Welfare e povertà: fra dati Istat e nuovi progetti di protezione, la parola all'assessore Felice Scalvini
In Italia la povertà assoluta tocca 4,5 milioni di persone, il massimo dal 2015. I dati Istat che fotografano la situazione della povertà nel paese, recentemente pubblicati, interpellano anche Brescia?
A fronte della pubblicazione dei recenti dati Istat su scala nazionale, le chiedo qual è la situazione in città in termini di povertà?
Sono stime generali, adesso dovremo cercare di capire qual è la situazione specifica della città perché dal punto di vista statistico, le statistiche sono sempre un po’ la “media del pollo”: non è detto che in tutte le zone del paese ci siano aumenti così significativi del tasso di povertà. Dico questo come discorso generale, anche per correttezza intellettuale e analitica. Detto questo i poveri ci sono a Brescia. Abbiamo situazioni da affrontare con una città che come solidarietà diffusa è molto impegnata a cercare di fare in modo che nessuno resti indietro. Ci sono iniziative dell’amministrazione, ad esempio noi nel prossimo consiglio comunale andremo verso la presentazione della revisione del Regolamento dei servizi, abbiamo provveduto a definire meglio il Regolamento dei contributi: chi bussa alle porte dell’amministrazione trova sempre accoglienza se la situazione è veramente difficile. Poi c’è l’impegno molto importante di Caritas, delle organizzazioni di volontariato, le pratiche di buon vicinato, c’è tutta la rete della città che è l’elemento portante della solidarietà e del welfare bresciano.
Come il Comune, pure in una stagione come quella attuale che chiede una maggiore attenzione nella gestione delle risorse, cerca di far fronte all’aumento della povertà integrando il sistema welfare? La scorsa settimana avete presentato un nuovo progetto. Di cosa si tratta?

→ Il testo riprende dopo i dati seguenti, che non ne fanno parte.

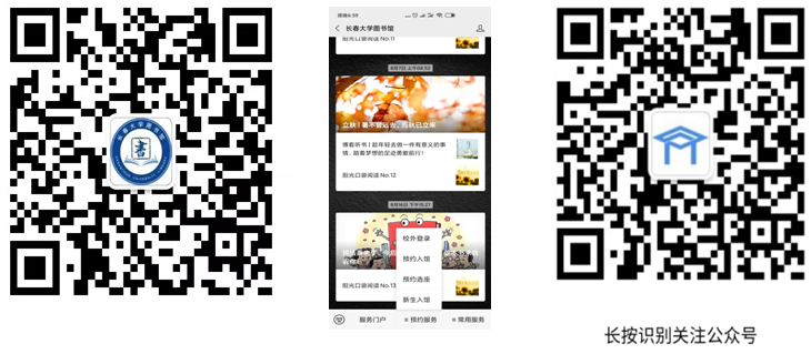 1.关注“长春大学图书馆”公众号。打开预约服务,点击预约入馆。识别二维码关注“高校文芒”公众号。
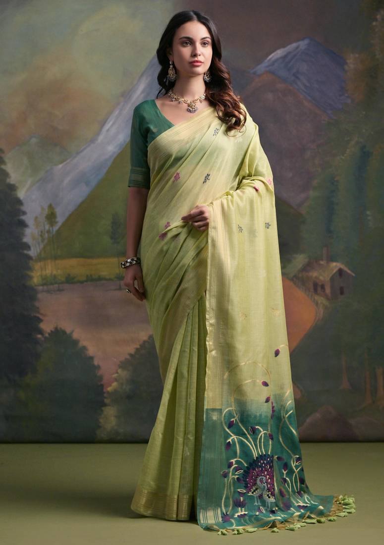 Product Name Pista Green Soft Muga Silk Blend Saree With Peacock Resham Weaving Pallu & Traditional Zari Border With Contrast Blouse
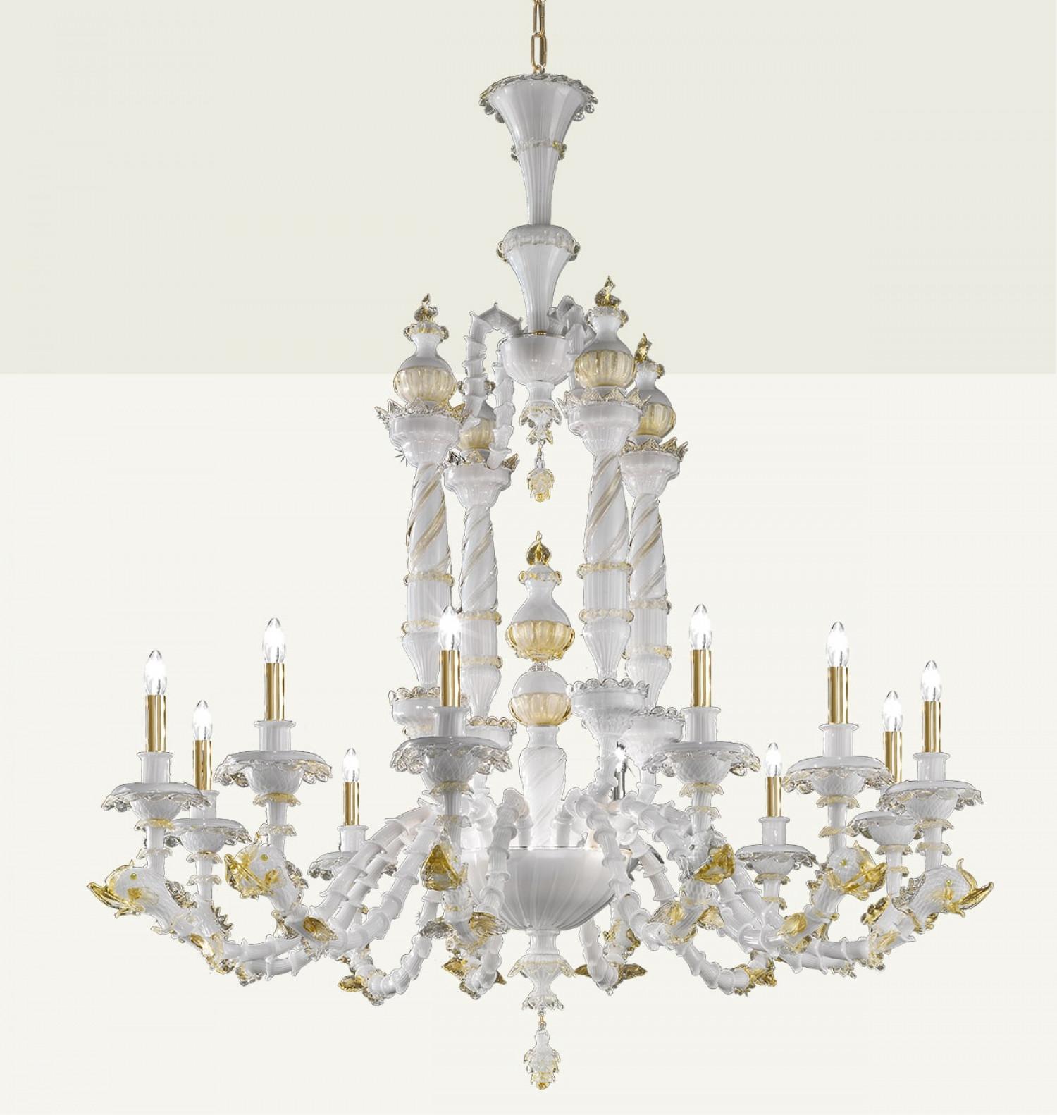 Questo prestigioso lampadario colorato di alta gamma porta la passione dei vetrai di Venezia nella tua casa. I lampadari di Eleg sono da molti anni il punto di riferimento per l'eleganza, la grazia, l'alta qualità e l'eccellente artigianato. Questa enorme coppia di lampadari a 12 luci è grandiosa, riccamente decorata e non può essere ignorata. Questo lampadario è interamente realizzato a mano con bracci ricoperti di piccoli cilindri di colore bianco e dettagli in ambra/oro.
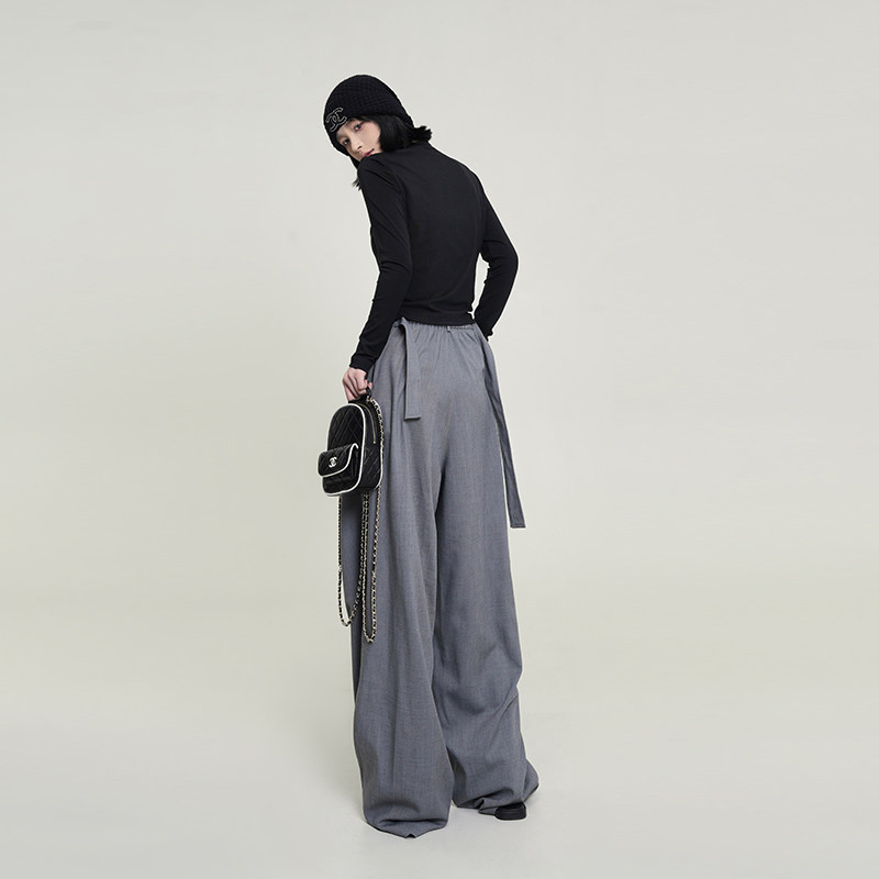 韩系高级感高腰显瘦拖地长裤 女夏季 裤 吴童童垂感宽松直筒休闲西装
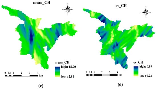 Spatial interpolation results of ICESat-2 light-spot vertical structure variation characteristics in 4 study areas: (a) Standard deviation of percentile canopy height, (b) variance of percentile canopy height, (c) mean percentile canopy height, and (d) coefficient of variation of (a) standard deviation of percentile canopy height, (b) variance of percentile canopy height, (c) mean percentile canopy height, and (d) coefficient of variation of percentile canopy height.
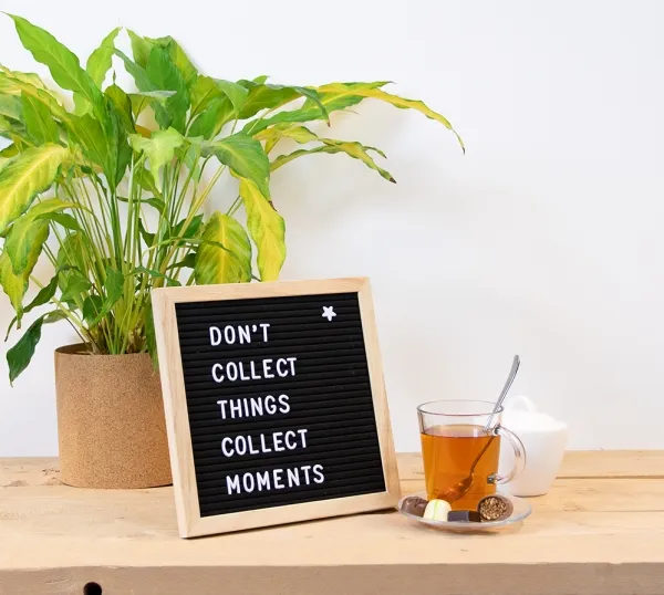 Lav din unikke besked eller menu med bogstavetavlen Massiv træramme med filtoverflade 176 akrylbogstaver, tal og ikoner Inkluderer monteringsbeslag og bordstativ Fås i forskellige størrelser
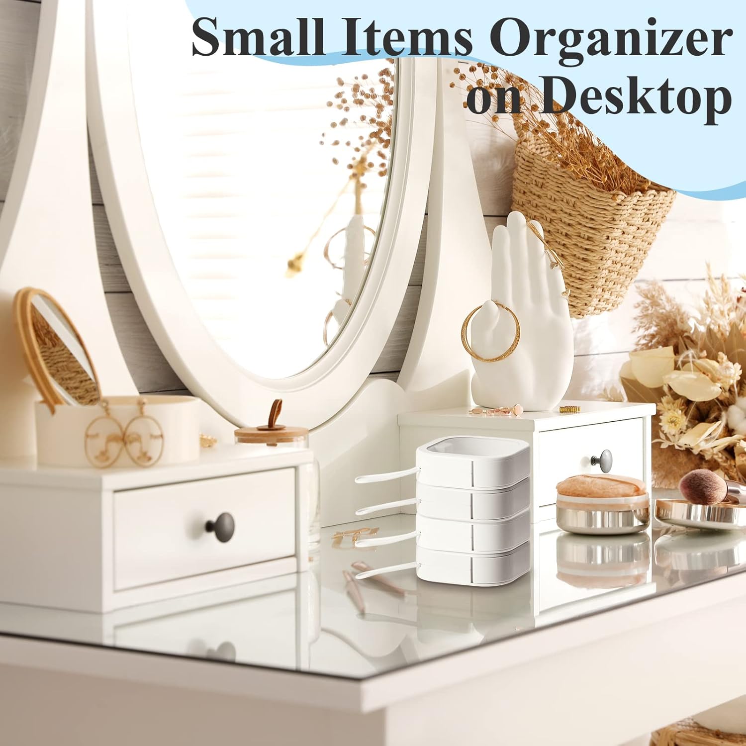 Kathfly 4 Pcs White Hair Tie Organizer Portable Hair Accessory Storage Containers Stackable Tie Bobby Pin Holder Home Cotton Swab Dispenser Accessories Jewelry Organizer Box
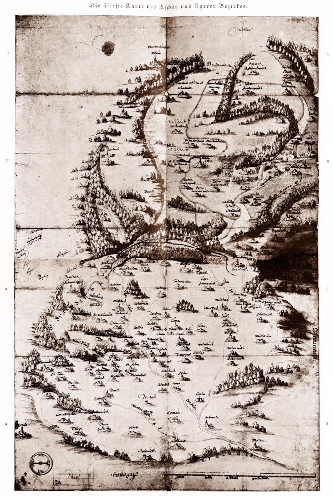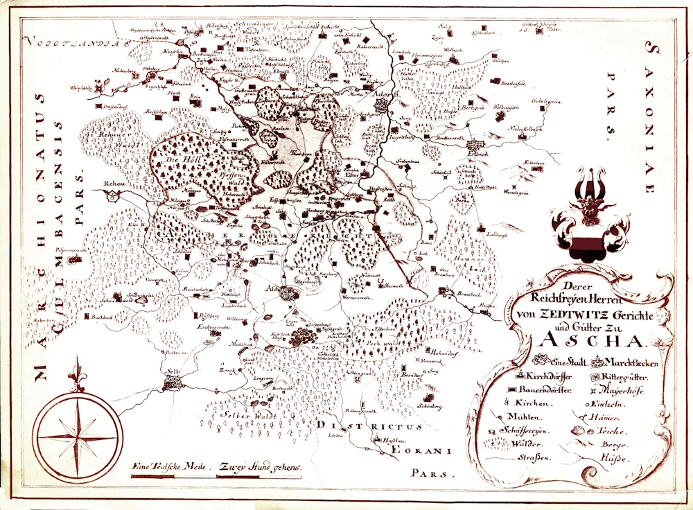 Wegen den wiederholten Steuer- und Zollstreitigkeiten in den Jahren 1612 – 1623 hat sich die Notwendigkeit herausgestellt, eine klare Vorstellung von der Lage des Ascher Gebietes zu erlangen, und es wurde deshalb eine Landkarte der Zedtwitz’schen Herrschaft Asch und deren nächster Umgebung angefertigt, die sich gegenwärtig in der Sammlung der Karten und Pläne des Prager Ministeriums des Inneren unter Nr. 1326 befindet. Es ist ein Blatt von 69 Zentimeter Höhe und 44 Zentimeter Breite.
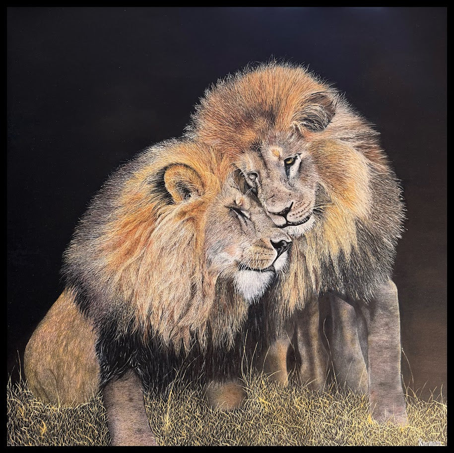 Dette maleriet av to løver har jeg valgt å kalle "Bestevenner". Jeg syntes bildet har så mye kjærlighet og varme.

Si tratta di un progetto finanziato da Fondazione Cariplo che deve aiutarci a strutturare sempre meglio, in modo corale, le risposte ai propri cittadini. L’idea di fondo è che l’amministrazione deve integrarsi con tutte le reti di solidarietà, da quelle minute di quartiere a quelle robuste delle grandi fondazioni che gestiscono, ad esempio, strutture per anziani, per disabili, in modo da valorizzare la capacità complessiva della città di far fronte ai propri bisogni.